Der Treppenturm der Alten Physik ist eingerüstet. Allerdings handelt es sich nicht um den Start der Sanierung des seit über zwölf Jahren leer stehenden Gebäudes. „Der Öffnungsmechanismus der Kuppel der Sternwarte muss repariert werden“, informiert Unisprecher Jan Meßerschmidt. Voraussetzung ist der Ausbau der Türen aus der Kuppel. Das soll nun mit Hilfe eines Kranes erfolgen. Aus Gründen der Arbeitssicherheit erfolgte die Aufstellung eines Gerüstes. Voraussichtlich beginnen die Reparaturarbeiten am 22. Januar. Sie werden etwa einen Monat dauern.

 Die historische Sternwartenkuppel vollendet in naher Zukunft ihr erstes Jahrhundert. 1924 hatten Prof. Friedrich Krüger und Alfred Klose die Initiative für die Einrichtung der Sternwarte auf dem schon zum Gebäude gehörenden Turm des Physikinstitutes ergriffen.

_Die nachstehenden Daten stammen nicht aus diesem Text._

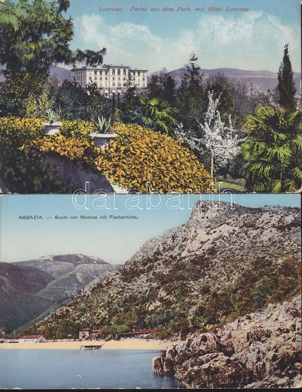 Leírás: Lovrana és Abbazia 2 db képeslap 1913-ból
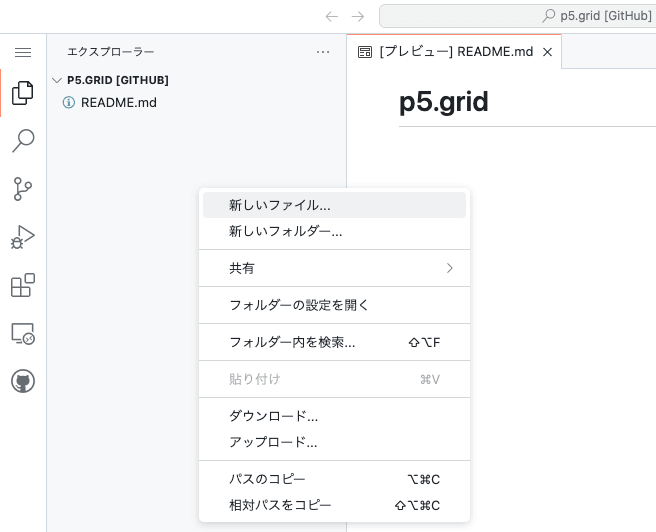 「エクスプローラ」と書かれたエリアで右クリックし、JavaScriptファイルを作成しましょう。このまま配布されるライブラリのファイル名になるので、ライブラリ名を含んだファイル名にするのがよいでしょう。今回の例ではp5.grid.jsとします。
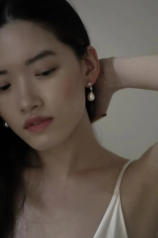 Regular price £67.20Combine modern elegance with vintage sophistication with these stunning Studio Bride By A.B. Ellie bridal pearl and CZ crystal drop earrings. Featuring geometric stacked CZ crystals for a contemporary edge and sleek pearl teardrop dangles for timeless romance, they create the perfect balance of chic and classic. Ideal for brides seeking a statement-making wedding accessory, these earrings are designed to be the finishing touch that elevates any gown, from minimalist silhouettes to romantic, embellished styles
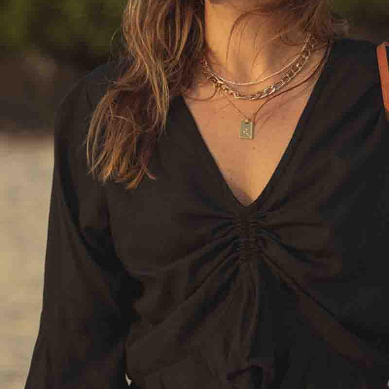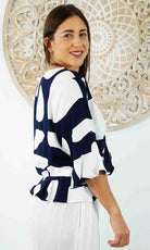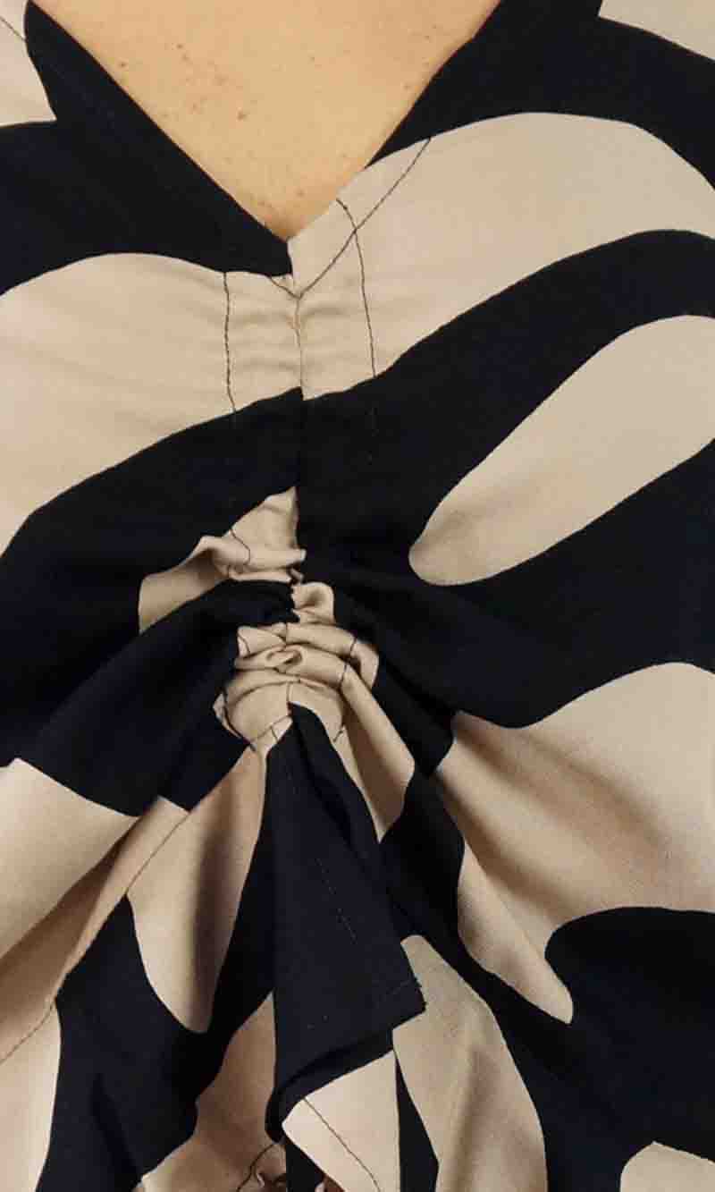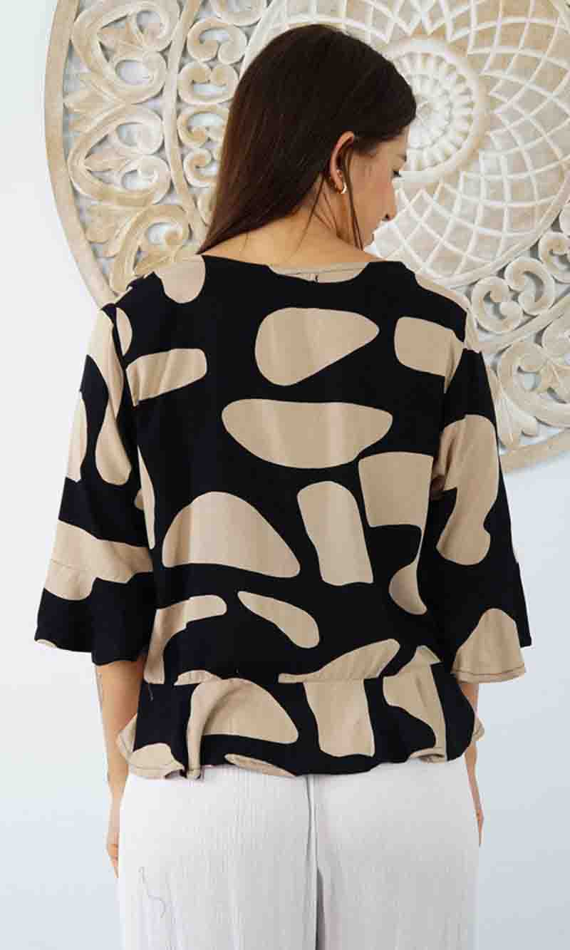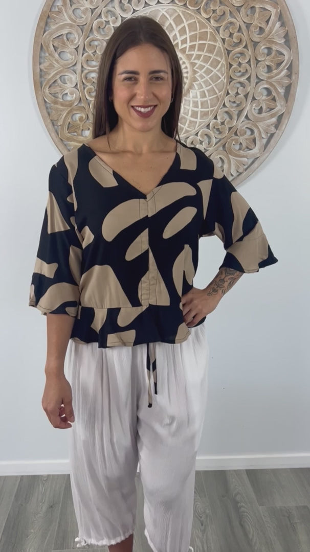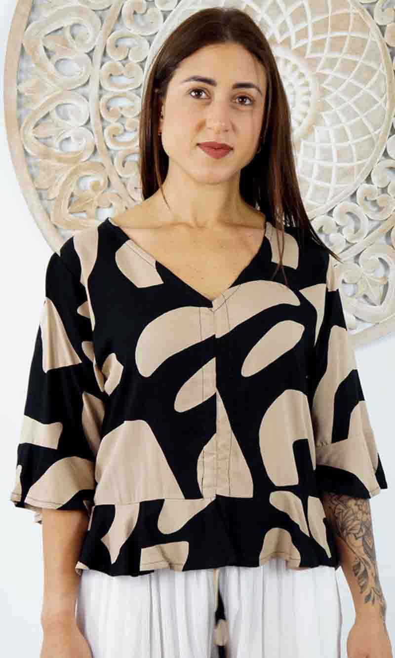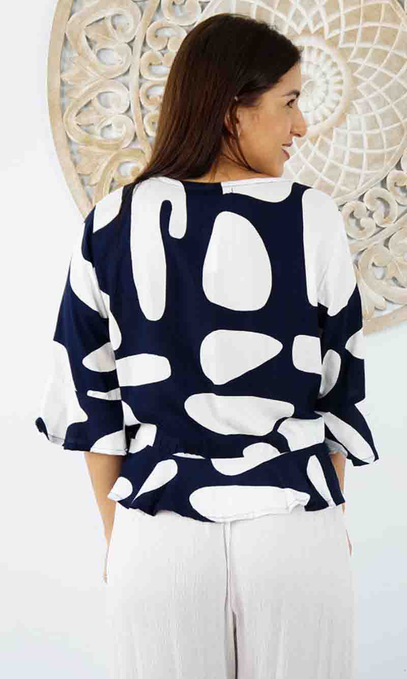 Mid sleeve Top with ruched front ties to wear up or down to suit your mood. Available in 3 sizes.

Uni will bis zu 8,4 Millionen Euro der für Alte Physik geben

Einen Termin für die angestrebte Sanierung des 1891 eingeweihten denkmalgeschützten Alten Physik gibt es noch nicht. Allerdings hat der Senat im Dezember beschlossen, bis zu 8,4 Millionen Euro aus Körperschaftsmitteln der Hochschule zur Sicherung der Finanzierung bereitzustellen. Das sind die Gelder, die die Universität über ihren umfangreichen Besitz von Acker- und Waldflächen sowie mit Immobilien einnimmt.

Mit Hilfe des Körperschaftsvermögens hat die Hochschule auch schon andere Gebäude ermöglicht, die zumindest nicht kurzfristig mit Landesmitteln möglich gewesen wären. Aktuell profitiert das frühere Universitätskrankenhaus in der Loefflerstraße.

Verhandlungen mit Land vorgesehen

An der Sanierung der Alten Physik will sich der Bund beteiligen. Der Haushaltsauschuss des Bundestages hat im Dezember 7,8 Millionen Euro für die Sanierung bereitgestellt. Das ist knapp die Hälfte der laut Vorpommernstaatssekretär Patrick Dahlemann (SPD) rund 16 Millionen Euro, die nach aktuellen Schätzungen benötigt werden.

Die Zusage der Uni für Körperschaftsmittel sei an Vorbehalte geknüpft, betont Unisprecher Meßerschmidt. Diese seien die Basis für weitere Gespräche mit dem Land über die nächsten Schritte zur Sanierung des Gebäudes.

Ein künftiger Nutzer steht schon fest. 2,59 Millionen fließen vom Bund für ein Zen­trum für Herrenhausforschung im Ostseeraum mit Sitz in der Alten Physik.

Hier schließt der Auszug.